きいろい青空【完】



「うち、行くから」



「ねぇ花恋…お願いだから。一生の…お願いだから…」




この腕を離したら、花恋は行ってしまう。


離したら…



ずっとずっとずっと帰ってきてくれないような気がして…。


とてつもない不安に駆られる。




約束を憶えてないとわかった絶望感があるのに、俺のしまっていた気持ちは言葉となってあふれ出す。

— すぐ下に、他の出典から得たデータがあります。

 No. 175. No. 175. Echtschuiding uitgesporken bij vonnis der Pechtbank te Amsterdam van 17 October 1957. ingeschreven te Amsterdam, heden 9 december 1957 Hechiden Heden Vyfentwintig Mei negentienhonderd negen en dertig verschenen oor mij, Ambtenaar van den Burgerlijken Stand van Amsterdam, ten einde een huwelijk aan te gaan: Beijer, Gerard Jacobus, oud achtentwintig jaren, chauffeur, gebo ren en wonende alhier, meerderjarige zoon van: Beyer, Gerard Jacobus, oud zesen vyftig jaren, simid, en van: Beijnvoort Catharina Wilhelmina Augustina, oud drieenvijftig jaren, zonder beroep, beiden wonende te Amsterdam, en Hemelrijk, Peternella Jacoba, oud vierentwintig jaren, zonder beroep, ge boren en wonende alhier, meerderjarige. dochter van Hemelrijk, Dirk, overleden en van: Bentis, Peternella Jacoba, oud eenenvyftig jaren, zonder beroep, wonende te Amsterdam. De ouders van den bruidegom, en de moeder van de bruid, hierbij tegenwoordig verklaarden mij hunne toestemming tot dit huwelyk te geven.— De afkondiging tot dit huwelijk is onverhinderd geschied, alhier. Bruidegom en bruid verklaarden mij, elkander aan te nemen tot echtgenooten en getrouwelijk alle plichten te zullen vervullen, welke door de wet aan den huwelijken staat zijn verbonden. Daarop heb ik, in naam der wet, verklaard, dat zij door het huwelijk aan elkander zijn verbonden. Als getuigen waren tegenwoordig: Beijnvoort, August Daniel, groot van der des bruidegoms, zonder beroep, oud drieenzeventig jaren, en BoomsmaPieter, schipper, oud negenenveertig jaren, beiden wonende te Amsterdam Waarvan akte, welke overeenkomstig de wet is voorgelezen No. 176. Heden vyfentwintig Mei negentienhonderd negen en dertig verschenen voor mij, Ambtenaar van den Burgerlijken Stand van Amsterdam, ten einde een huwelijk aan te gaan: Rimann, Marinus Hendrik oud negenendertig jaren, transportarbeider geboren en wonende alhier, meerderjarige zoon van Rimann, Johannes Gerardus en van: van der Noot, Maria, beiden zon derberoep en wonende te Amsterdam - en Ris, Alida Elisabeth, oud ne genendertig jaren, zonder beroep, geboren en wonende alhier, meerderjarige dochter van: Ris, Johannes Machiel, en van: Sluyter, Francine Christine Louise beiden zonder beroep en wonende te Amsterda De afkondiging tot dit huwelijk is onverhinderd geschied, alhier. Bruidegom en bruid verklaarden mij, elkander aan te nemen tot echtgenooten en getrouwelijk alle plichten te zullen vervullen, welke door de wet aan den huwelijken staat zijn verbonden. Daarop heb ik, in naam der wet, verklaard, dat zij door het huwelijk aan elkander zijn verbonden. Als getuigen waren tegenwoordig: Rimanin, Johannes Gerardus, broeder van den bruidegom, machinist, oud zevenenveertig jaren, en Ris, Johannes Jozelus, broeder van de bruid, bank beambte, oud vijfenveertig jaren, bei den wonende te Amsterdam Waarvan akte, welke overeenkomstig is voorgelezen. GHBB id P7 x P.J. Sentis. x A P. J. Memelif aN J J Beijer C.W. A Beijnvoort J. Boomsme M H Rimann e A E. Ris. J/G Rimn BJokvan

「幼なじみになって下さい。俺の隣に帰ってきて下さい…。俺のそばにずっといて下さい。花恋のこと、忘れた事なんて無かった…頑張ったけど…出来なかった…花恋、俺は……っ」




「離し…て…」




花恋は俺の言葉をさえぎって、つぶやいた。


花恋の声と体が震えている。


聞こえないほどの小さな声。




「お願いだから……手を…離し…て?」




俺の手は、込めていた力を弱める。


花恋の細い腕はスルリと俺の手から抜けた。




為すすべもなく、その場に立ち尽くす俺…


俺からどんどん遠くなる愛しい花恋の背中。




バカだろ…俺は。





どうして。


いつもいつも、あと少しで手が届かないんだろう…?






言えなかった言葉をひとり声に出してみる。